A estação que nunca deve fechar.


O comboio deixou de apitar na Linha do Tua e em muitas outras linhas deste país. Já não há passageiros nas estações. Na Linha da Vida de qualquer leitor ou leitora, o comboio pára por vezes também. Uns dirão que a razão é a mesma, não há passageiros. Pelas mais variadas razões, uns porque partem rumo ao céu, dos que por cá ficam, uns rumam ao desconhecido, outros a lado nenhum. Outros mais conhecedores dos caminhos de ferro, poderão tentar sugerir outra razão. O descarrilamento do comboio da vida. Contudo, na Linha da Vida ao contrário das linhas abandonadas, há sempre uma estação que nunca fecha e tem um nome que nunca devemos esquecer.  Esperança em dias melhores.

Tal como as palavras também há sons que marcam. Deixo-vos aqui uma pequena história, que escrevi há uns anos, intitulada:

O som da noite…

As águas revoltas batiam furiosamente nas rochas. Os salpicos de espuma penteavam as ondas enraivecidas pela nortada. No meio daquele turbilhão imenso espreitavam espessos remoinhos de areia, cavalgando as ondas num galope louco, desvanecendo-se num último estertor à medida que engrossavam o lado sul da praia, tapando apressadamente as raras pedras negras que impávidas como estátuas, espreitavam os raios ténues raios do sol invernal.

De súbito um grito de uma gaivota ressoou no ar. Uns metros à sua direita, uma gaivota  parecia fitá-lo bem dentro dos olhos. Os primeiros beijos da chuva deslizaram-lhe suavemente pela cara rude. Na tez, a pele seca, nas mãos, os nós dos dedos deformados pelas agruras do tempo e da vida. No olhar, a neblina da angústia. Há muito que o comboio da vida parara numa estação qualquer, sem nome, sem cor, sem luz. Vazia, estática, silenciosa. Há estações assim. Fantasmas. Habitadas apenas pelas sombras, as do passado e as do presente. Para o comboio voltar a partir, não basta o apito agudo da consciência, é preciso também alimentar a caldeira. Dar-lhe fogo, luz, talvez até repor o coração a crepitar, alimentando as brasas que sobram depois de uma paixão, com o sopro ténue de um sorriso singular, de uma mão que desvia o cabelo dos olhos, descobrindo novamente a luz da vida.
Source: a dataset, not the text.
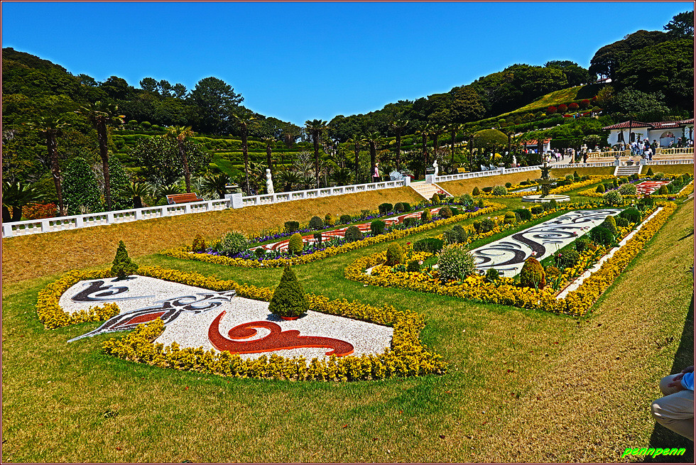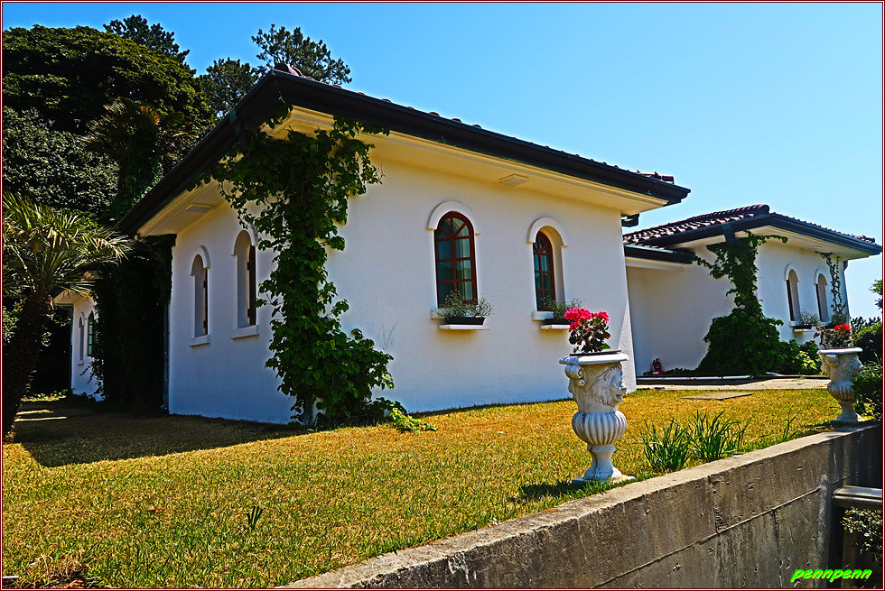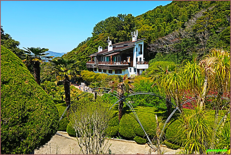 정원 맞은편으로 가서 비너스상이 있는 곳을 바라보면 비너스가든이 정말 아름다움을 실감하게 됩니다. 비너스가든의 위쪽에 있는 건축물(주황색 지붕)은 리하우스인데요. 이곳은 KBS 드라마 <겨울연가>의 마지막 회 촬영 현장으로 널리 알려져 많은 사람들의 기념사진 촬영지로 사랑받고 있는 사택으로 현재 건물 안으로 들어갈 수는 없습니다.

A tempestade deixara na praia uma camada de espuma. O vento forte levantava-a em grandes flocos depositando-a na marginal. Já quase que não se via o alcatrão, apenas um tapete acastanhado, sujo e baço. Pareciam flocos de neve a voar. Na vida inteira apenas vira uma vez nevar na praia. Nesse dia o frio branco desceu à terra, durante umas cinco horas ininterruptas. Os barcos vestiram-se de um branco imaculado. Os homens vestiram-se de admiração. Nunca tinham visto nada assim. Para os garotos da vila, foi muito melhor que um mergulho num dia de verão. A praça central, viu, pela primeira e única vez, desenrolar-se uma batalha campal. As bolas de neve faziam as delícias dos miúdos e dos graúdos. Os pescadores assistiam com um olhar incrédulo e ao mesmo tempo deslumbrado. Mais um dia sem poderem ir para a faina ganhar o pão. Mais um rombo nos seus magros rendimentos. Naquela tarde, naufragara um barco umas milhas para sul. O mar na sua avidez desumana, tragara duas vidas, outras tantas foram salvas por um navio que captou os pedidos de socorro.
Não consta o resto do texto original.